### Task directions
For every line in the records that has the word "Residence", make a copy.

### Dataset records
--

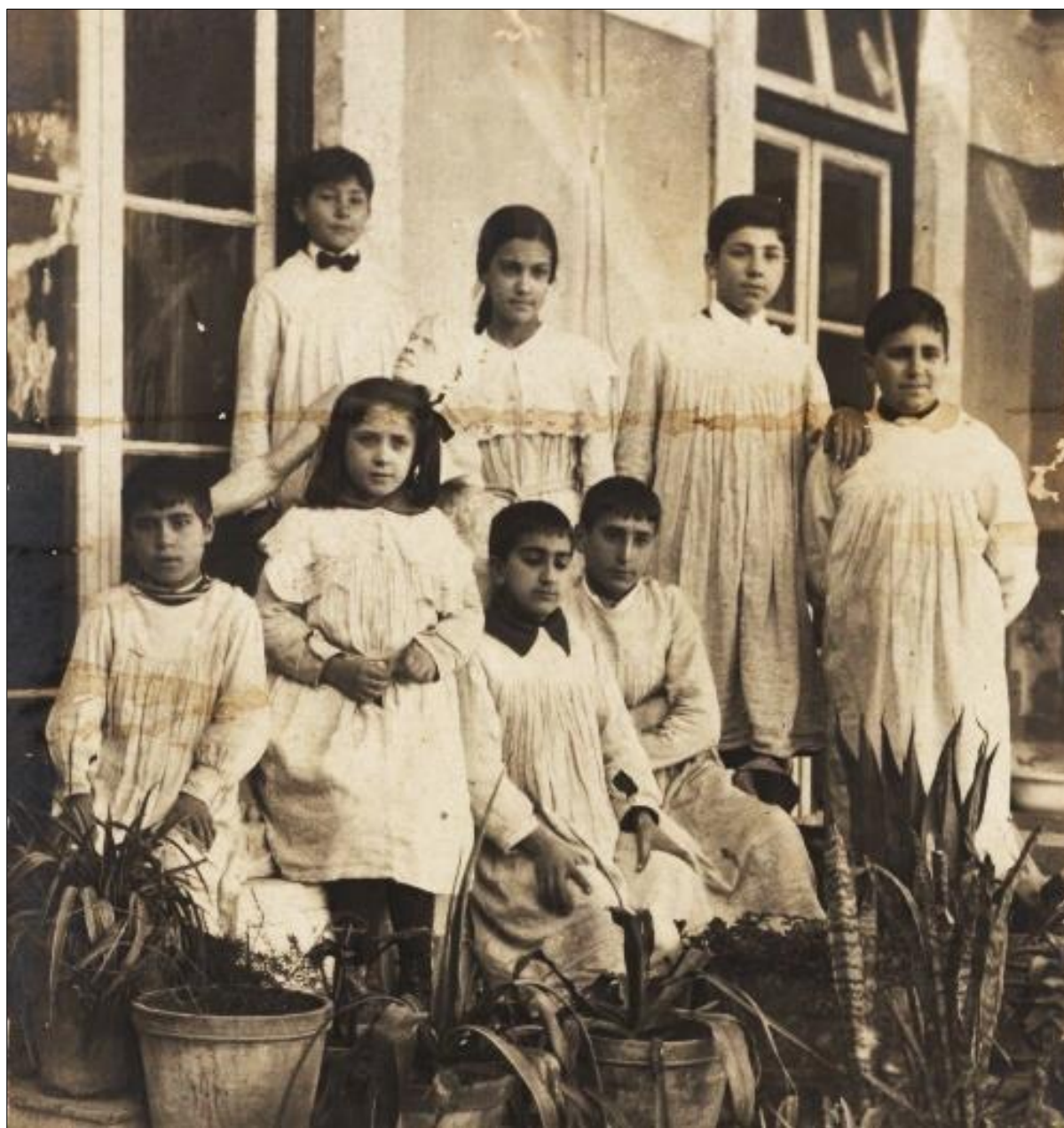
Fig. 18 | The Directive Committee of «A Solidária» for the year 1916
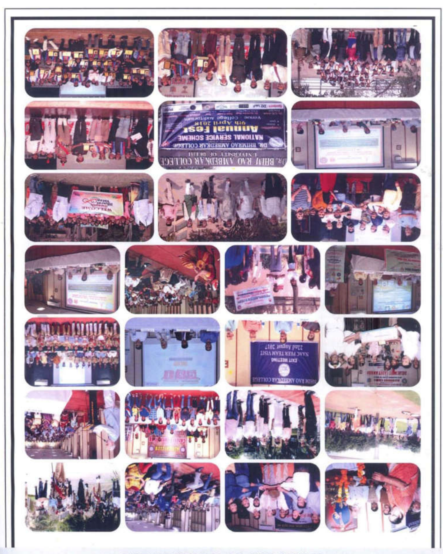
CLIMPSES OF COLLEGE LIFE
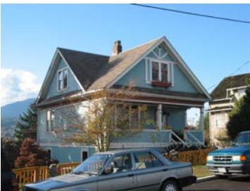
Name: Parrot Residence Location: 411 Machleary Street Date: 1916

The Johnston Residence is part of a grouping of heritage buildings in one of the City’s oldest neighbourhoods, adjacent to the downtown core. The residence is located on a sloping lot with sympathetic modern planting and an excellent view of Harewood.
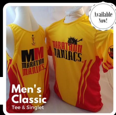
Men's Classic Tee & Singlet

http://www.databarevents.com/store/ category/1/Marathon-Maniacs
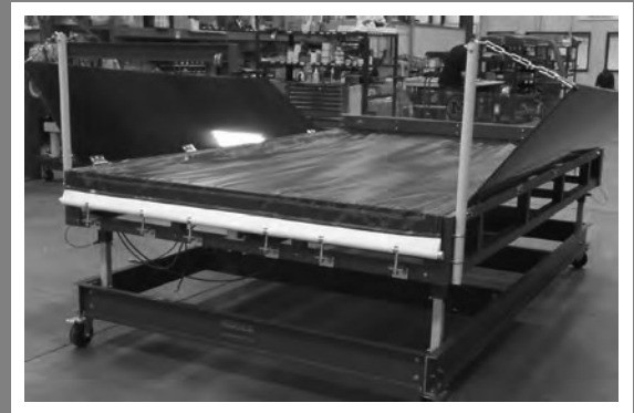
All fiberglass lightweight frame construction
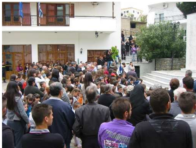
Assembly in front of the memorial
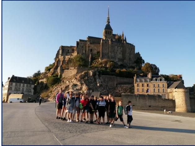
Form 7 – Mont St Michel
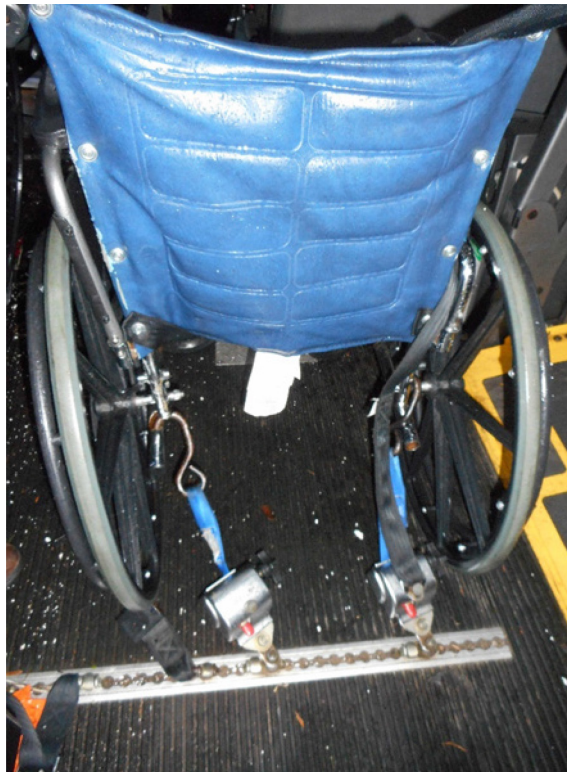
Photo 20 – Interior view looking at right wheelchair rear securement positions in Goshen bus.
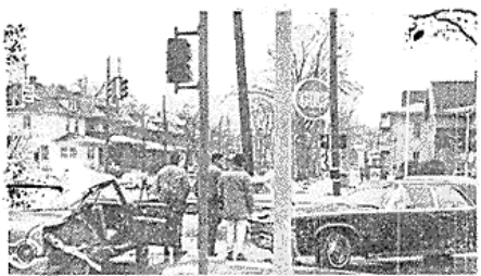
Snow time is accident time, watch your driving over the holidays.

Further information will be available to students from the campus radio station as soon as the Christmas vacation ends.
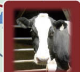
Wrights Dairy Farm & Bakery
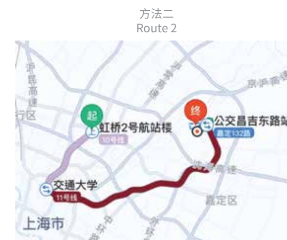
方法二 Route 2
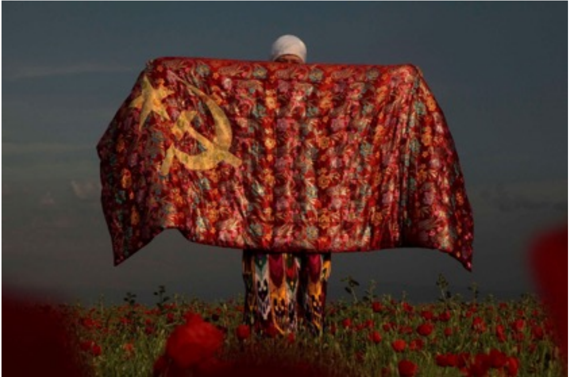
MY SOVET UNION (from the series FLAGS)-100X150cm-2013.5+1AP
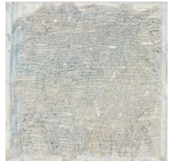
Fragments Remembered 2007 Encaustic and pigment on board Varied sizes
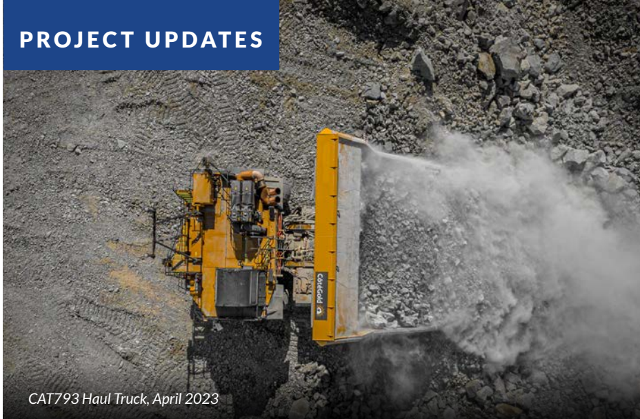
CAT793 Haul Truck, April 2023
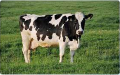
1. Individually controlled animals
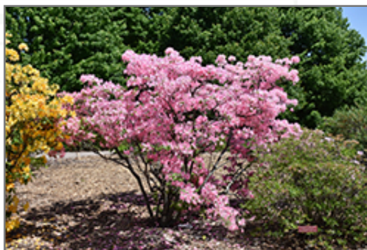
Northern Lights Azalea in bloom
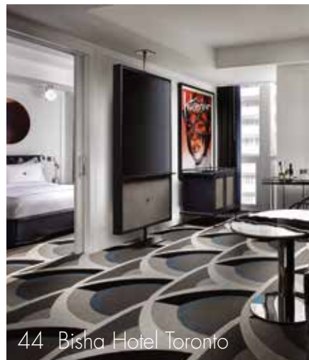
44 Bisha Hotel Toronto
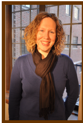
Willow King Locke College of Communication, Information, and Media, the College of Fine Arts, and undecided students
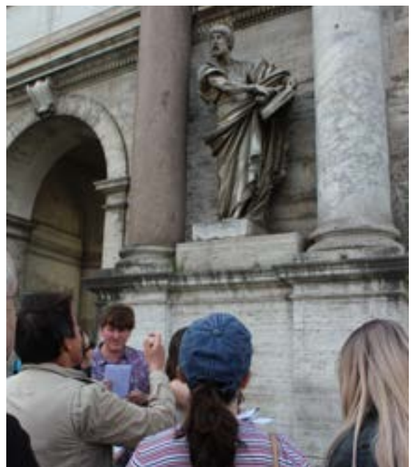
City of Rome's students visiting Piazza del Popolo in Rome, Summer 2024

► British School at Rome, via Antonio Gramsci 61, Rome
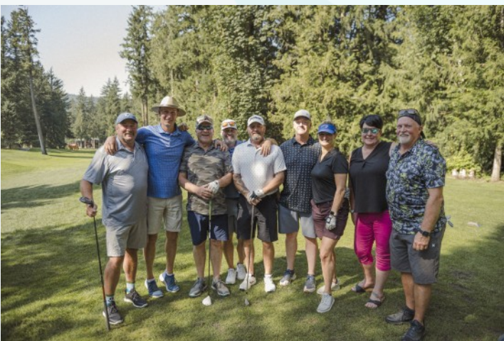
Good Friends! Good Times!
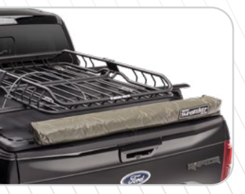
Xtray, Sunseeker Awning, Cable Lockdown

--

### Solution to the problem
Name: Parrot Residence Location: 411 Machleary Street Date: 1916
The Johnston Residence is part of a grouping of heritage buildings in one of the City’s oldest neighbourhoods, adjacent to the downtown core. The residence is located on a sloping lot with sympathetic modern planting and an excellent view of Harewood.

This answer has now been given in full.